Special Relativity

Minkowski space

Definition (Minkowski Space)

Minkowski space is the real four-dimensional vector space $M = R^{4}$ . The elements of Minkowski space are called spacetime points (or events). Each spacetime point
$x = (x^{μ})_{μ = 0, 1, 2, 3} = (x^{0}, x^{1}, x^{2}, x^{3})$
has one time coordinate $x^{0}$ and three spatial coordinates $x^{1}, x^{2}, x^{3}$ . We also write
$x = (x^{0}, x) x = (x^{i})_{i = 1, 2, 3} = (x^{1}, x^{2}, x^{3})$
with the spatial coordinates combined in a three-vector $x \in R^{3}$ .

By convention, greek letters are used for indices running through all spacetime coordinates, and latin letters are used for indices running just through the spatial coordinates.

Definition (Lorentz Bilinear Form)

The Lorentz bilinear form is the bilinear form on Minkowski space $M$ given by
$M \times M \to R, (x, y) \mapsto x \cdot y = x^{0} y^{0} - x^{1} y^{1} - x^{2} y^{2} - x^{3} y^{3}$

We have

x \cdot y = x^{0} y^{0} - x . y,

where $x . y = x^{1} y^{1} + x^{2} y^{2} + x^{3} y^{3}$ denotes the the Euclidean scalar product of two three-vectors $x, y \in R^{3}$ .

The Lorentz bilinear form is bilinear, symmetric and indefinite. It is not an inner product. Nevertheless, it is commonly called Lorentz inner product.

The Lorentz bilinear form classifies the four-vectors of Minkowski space as follows:

Definition (Timelike, Lightlike and Spacelike Vectors)

A vector $x$ in Minkowski space is called

timelike if $x \cdot x > 0$ ,

positive timelike if $x \cdot x > 0$ and $x^{0} > 0$ ,

negative timelike if $x \cdot x > 0$ and $x^{0} < 0$ ,

lightlike or null if $x \cdot x = 0$ ,

positive lightlike if $x \cdot x = 0$ and $x^{0} > 0$ ,

zero if $x = 0$ ,

negative lightlike if $x \cdot x = 0$ and $x^{0} < 0$ ,

spacelike if $x \cdot x < 0$ .

A vector $x$ in Minkowski space is

timelike if and only if there exists an inertial coordinate system in which its spatial components vanish, i.e. if there is a Lorentz transformation $Λ$ such that $(Λ x)^{i} = 0$ for $i = 1, 2, 3$ .

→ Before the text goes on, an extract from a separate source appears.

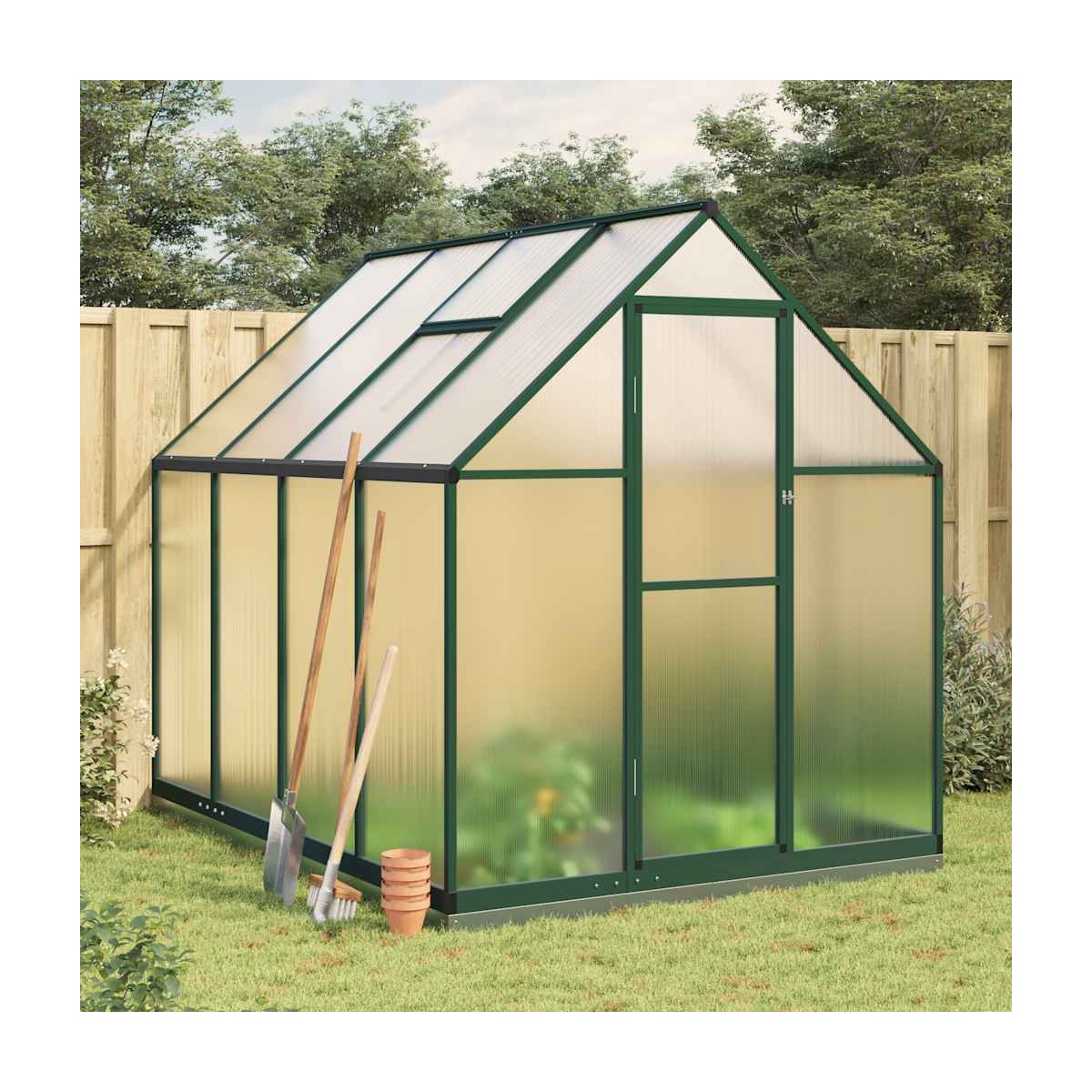 Este invernadero puede acomodar una cantidad considerable de plantas y es una gran solución para proteger tus plantas del clima frío. Material resistente a la intemperie y robusto: La estructura del invernadero está hecha de aluminio resistente al óxido y a la intemperie para una gran resistencia al viento y estabilidad. Las láminas están hechas de paneles laterales de policarbonato resistente a los rayos UV, que son ligeros, duraderos y fáciles de mantener, y capaces de soportar vientos y nieve.Diseño práctico: Esta estructura de invernadero está equipada con una estructura de perfil inferior de aluminio de 6 cm de altura que se puede enterrar fácilmente en el suelo, lo que ahorra costes adicionales de base. También incluye una base adicional de acero galvanizado de 7 cm para añadir estabilidad estructural.Diseño bien pensado: El sistema de canaletas incorporado permite efectivamente el drenaje del agua, y la ventana de ventilación está diseñada con 5 ángulos ajustables para la circulación del aire para equilibrar la humedad y la temperatura. La puerta con bisagras también hace que sea más fácil entrar en el invernadero para el uso diario.Gran espacio de cultivo: El invernadero del patio trasero te ofrece un amplio espacio para cultivar una amplia variedad de plantas o cultivos.Diseño de montaje rápido: Esta estructura de invernadero cuenta con un sistema de montaje rápido para una instalación eficaz y rápida. Advertencia: El invernadero no es un edificio de construcción o un invernadero, destinado a fines de ocio. Es una instalación agrícola independiente y no permanente destinada únicamente a la jardinería de aficionados.

spacelike if and only if there exists an inertial coordinate system in which its temporal component vanishes, i.e. if there is a Lorentz transformation $Λ$ such that $(Λ x)^{0} = 0$ .

Definition (Special Cones in Minkowski Space)

$V_{+} = {x \in M : x \cdot x > 0, x^{0} > 0}$ open future cone (or open forward cone)

$\overset{ˉ}{V}_{+} = {x \in M : x \cdot x \geq 0, x^{0} \geq 0}$ closed future cone (or closed forward cone)

$V_{-} = {x \in M : x \cdot x > 0, x^{0} < 0}$ open past cone (or open backward cone)

$\overset{ˉ}{V}_{-} = {x \in M : x \cdot x \geq 0, x^{0} \leq 0}$ closed past cone (or closed backward cone)

${x \in M : x \cdot x = 0}$ light cone

${x \in M : x \cdot x < 0}$ side cone

Definition (Causal Complement)

The causal complement of a subset $S$ of Minkowski space $M$ is the set
$S^{'} = {x \in M : x - y is spacelike for all y \in S}$

The causal complement of $S$ consists of all spacetime points which are spacelike separated from all points in $S$ .